Chad Chritton and his wife, Melinda Drabek-Chritton, are accused of locking the girl in the basement and denying her food until she wasted away to 68 pounds.
They each face six felonies, including child abuse and neglect. The girl's stepbrother has been accused of sexually assaulting her.
The girl told police the couple had kept her confined to the basement of their Treichel Street home since 2006 and that they beat her, starved her and forced her to eat feces.
The victim was 15 years old when a driver spotted her wandering barefoot in pajamas outside near her home on Madison's southeast side and called police. The driver said the teen was so scrawny, he mistook her for an 8-year-old.
Opening statements are in the father's trial are expected to begin Monday or Tuesday. A jury was selected on Monday.
Former Madison Police Department captain Ellen Schwartz now lends her experience to the board of directors for the Rainbow Project. The nonprofit provides support for victims and families who experience trauma and abuse.
"Regardless of what happened, the fact of the matter is that child abuse happens all of the time," Schwartz said.

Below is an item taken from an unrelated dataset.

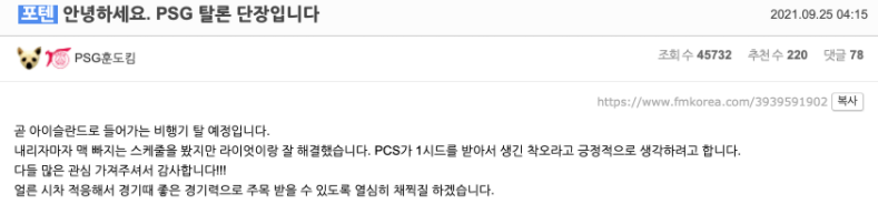 后PSG经理在韩网FMKOREA论坛发帖,称已解决该情况,原文大意如下:

The victim in this case, referred to in court as S.L.C., will testify in the trials against her parents. Schwartz said that's an incredible burden for any child to bear.
"I understand that in a trial situation, that the accused have a right to confront the accuser, but it's going to be very, very -- I can't imagine how difficult," Schwartz said. "And the thought of people telling her that she, that her testimony could put her parents in prison, that's not her fault."

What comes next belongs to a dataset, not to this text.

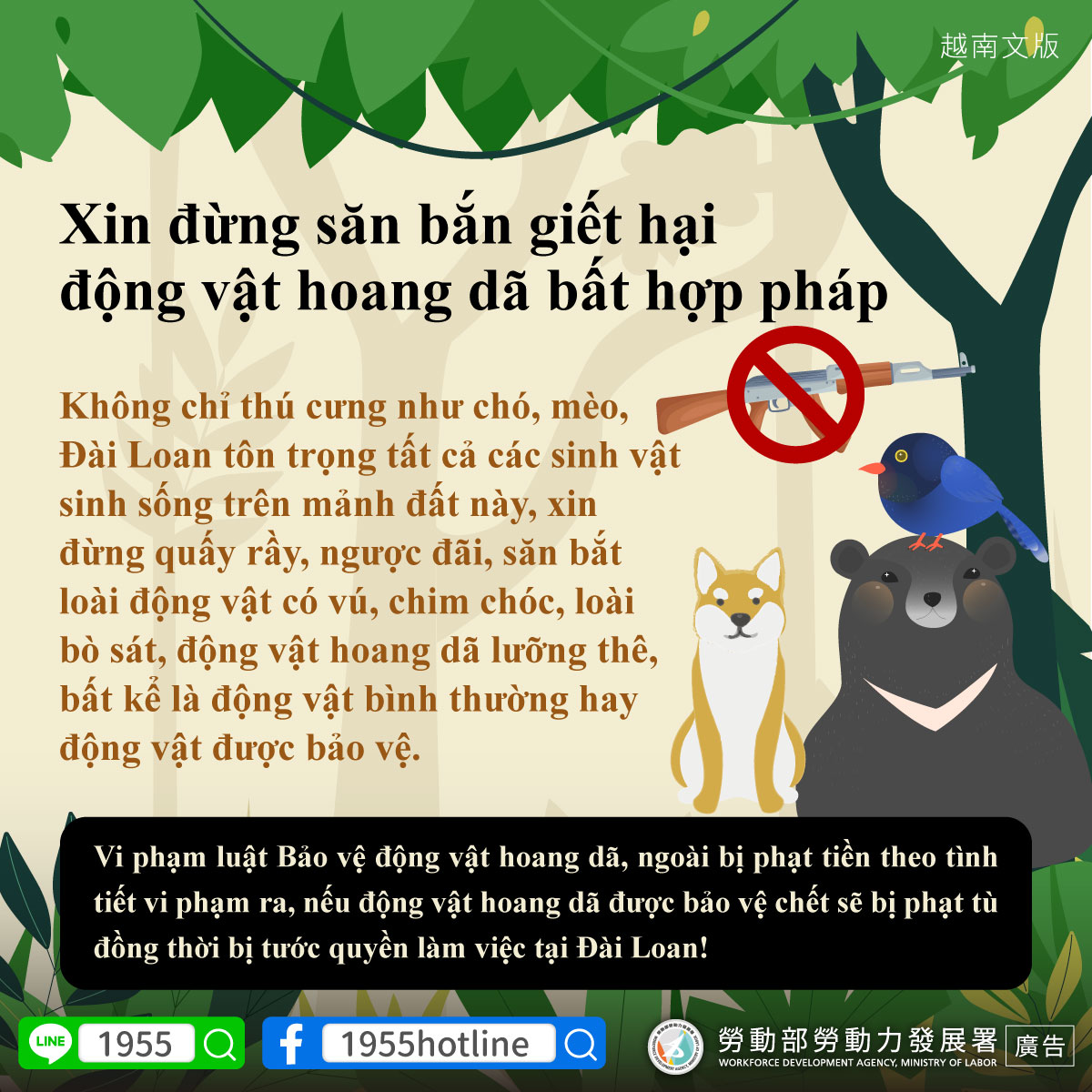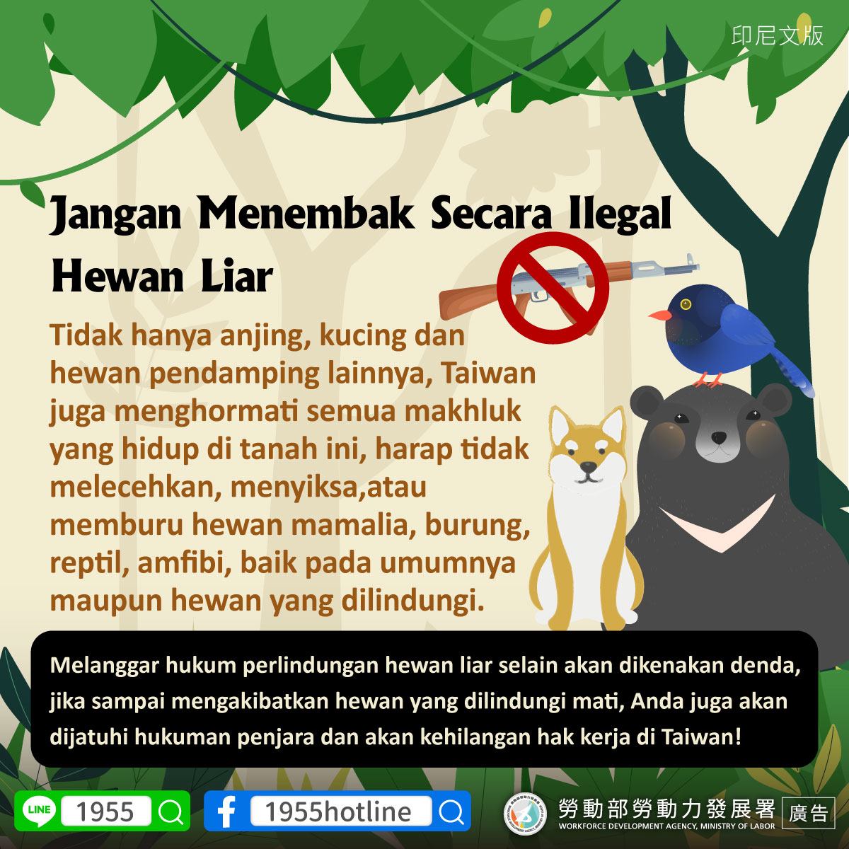 Melanggar hukum perlindungan hewan liar selain akan dikenakan denda, jika sampai mengakibatkan hewan yang dilindungi mati, Anda juga akan dijatuhi hukuman penjara dan akan kehilangan hak kerja di Taiwan!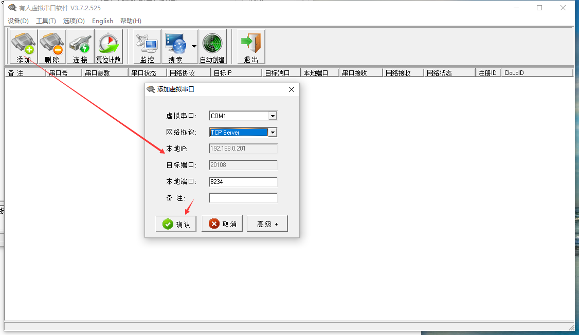 打開虛擬串口軟件,點(diǎn)擊“添加”在彈出的窗口中設(shè)置虛擬串口信息,由于上述301設(shè)備采用TCP Client協(xié)議,所以此處網(wǎng)絡(luò)協(xié)議設(shè)置為TCP Server。目標(biāo)IP和目標(biāo)端口設(shè)置為301的IP和端口。然后點(diǎn)擊“確定”,建立虛擬串口COM1。

Schwartz said throughout the high-profile case, she hopes people will realize child abuse is happening in a number of homes.
"Their cases may not be quite as sensational, but it's just as life-impacting for them, just as future-impacting for them," Schwartz said.
According to Schwartz, Dane County Department of Human Services received more than 6,000 child abuse reports last year. There were more than 38,000 reports statewide.
"It could be happening next door, and if you think that you see it happening, report it," Schwartz said.
Schwartz currently works as a child sexual abuse advocate in Green County.